Juarez made a concerted effort not to show his excitement. “Eliot what?” he pressed. “Do you have a full name for him?”
He had to think about it for a minute. “I don’t think so, no. We always called him Eliot. Or Mr. E. Why?”
“And when was the last time you saw Eliot?”
“He was with us that last night in Quebec—we all went out drinking together.”
“Did he come with you that night, to go after Erin Lincoln?”
Gendreau shook his head. “He wouldn’t. Said it wasn’t his scene; he’d catch a ride back with Red.”
Juarez did a double take. “Red Grivois?”
“That’s right,” Gendreau said. He hesitated. “I don’t want to get him in trouble now. He was always good to us. Used to buy us beer sometimes. Take us across the border with him. He always said if we were gonna party anyway, he wanted to make sure we were doing it right.”
Grivois was the last one to see Bonnie alive. The one who found the body. He was the one who’d found Erin Lincoln, as well. The first one on the scene when Ashley Gendreau was murdered. He was friends with Will Rainier. Juarez thought of Rosie’s words that afternoon: When he was out wandering in the woods with Sheriff Grivois, drinking and shooting and drinking some m
ore…
“Did Red know Bonnie?” Juarez asked, forcing himself to finish the interview.
“Of course,” Gendreau said. “Everybody knew Bonnie. My sister was the prettiest girl in the County back then. Red wasn’t much older than us, you know? Early twenties—not sheriff yet, just a deputy. He liked her, I think.”
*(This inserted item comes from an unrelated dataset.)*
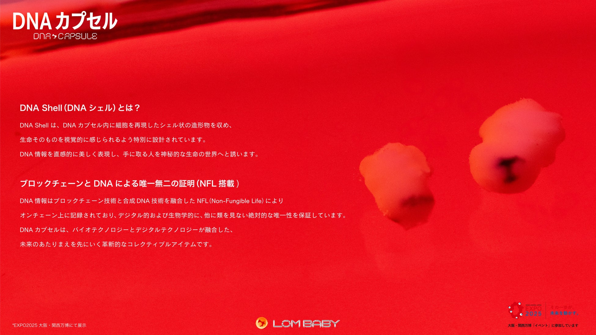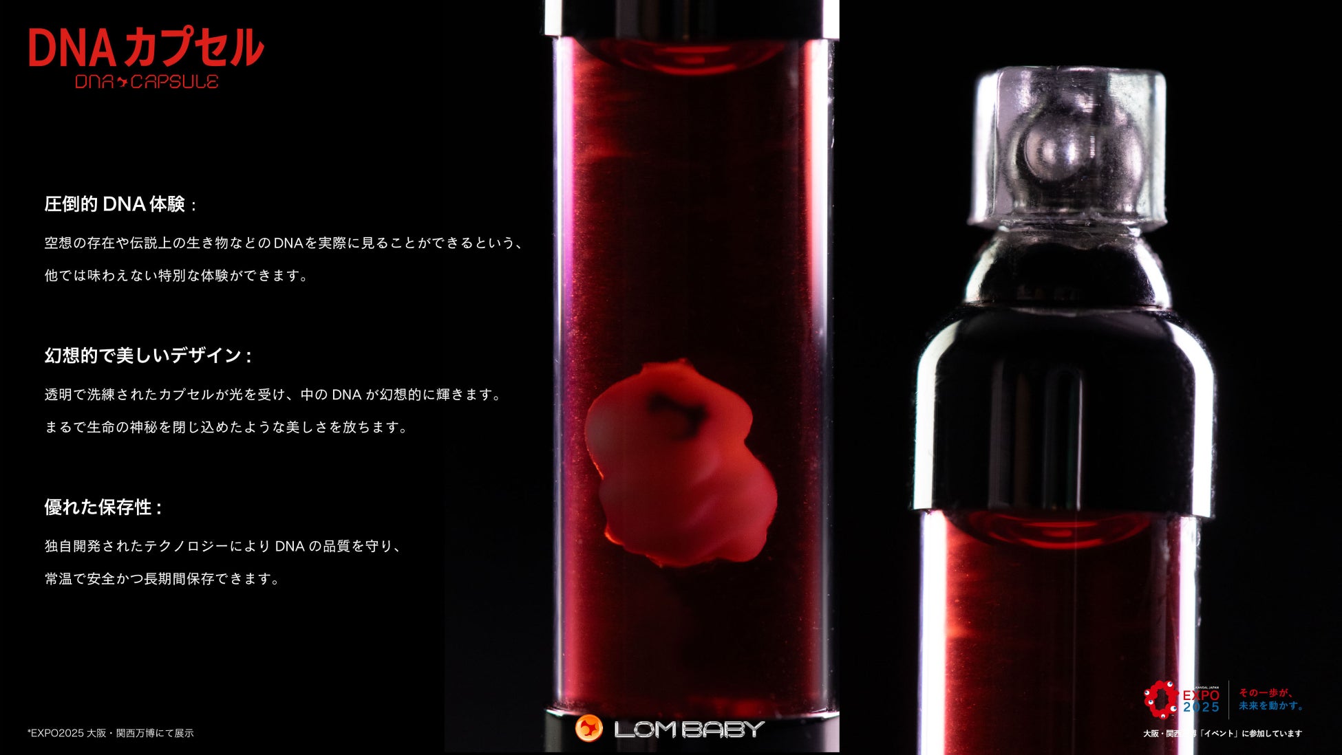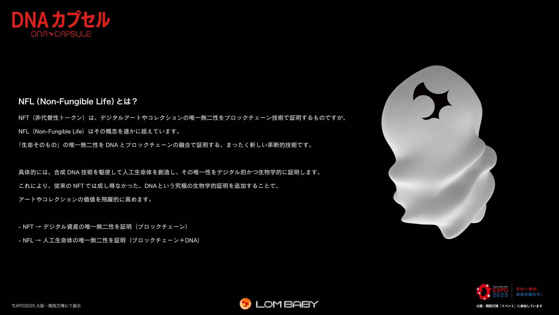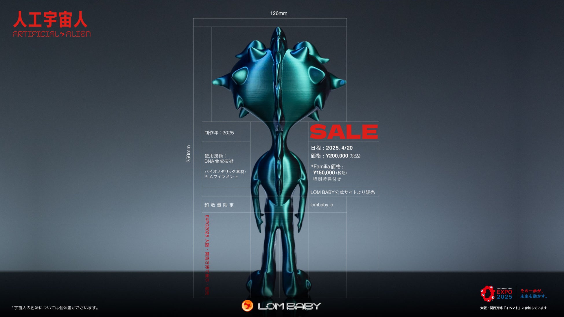 Transeeds Inc.(東京都渋谷区)が主宰するクリエイティブコレクティブ「LOM BABY(ロム ベイビー)」は、2025年大阪・関西万博の特別イベント「Japan Expo Paris in Osaka 2025」にて、DNA合成技術とブロックチェーン技術を融合させた世界初のDNAフィギュア「人工宇宙人AA(Artificial Alien)」および「DNAカプセル」を初公開しました。

Juarez stood abruptly and went to his briefcase, hauling out most of the files inside. Then he opened the office door and called for the guard. “You can take him back to his cell. I won’t need him again.”
Gendreau stood without any prompting from the guards. “My case—Ashley dying. Do you think whoever did all these other girls is the same one who killed Ashley?”
Normally, Juarez tried not to answer that kind of question directly—there were too many repercussions if it turned out he was wrong. This time, however, he didn’t hesitate.
“I do. And I’ll do everything in my power to convince the judge of that.”
“I know that everything that happened with Erin Lincoln…what Will did—I can’t ever make up for that. I’ll never forget it. Never be able to change what we did to that girl. But if there’s some way I can get out of prison now, maybe I can make things up to my other kids, try to rebuild things with them. That’s all I can ask for right now.”
Juarez shook the man’s hand. He was reminded of all the bad decisions the universe seemed to just let slide by, until that one fateful miscalculation that invariably turned the world on its head. He thought of the four boys: Jeff, Hank, Will, and Eliot. Teenage boys who got caught up in a game more serious than they ever could have imagined, when Jeff Lincoln first came up with the monumentally bad idea to ply thirteen-year-old girls with beer and sweet nothings. And two of those boys took the game a step further.
“Thank you for meeting with me,” Juarez said. “I hope you get that second chance.”
After he was gone, Juarez spread the files out on his desk, looking at each and every victim for the link he was sure he would find. Within minutes, he had his answer.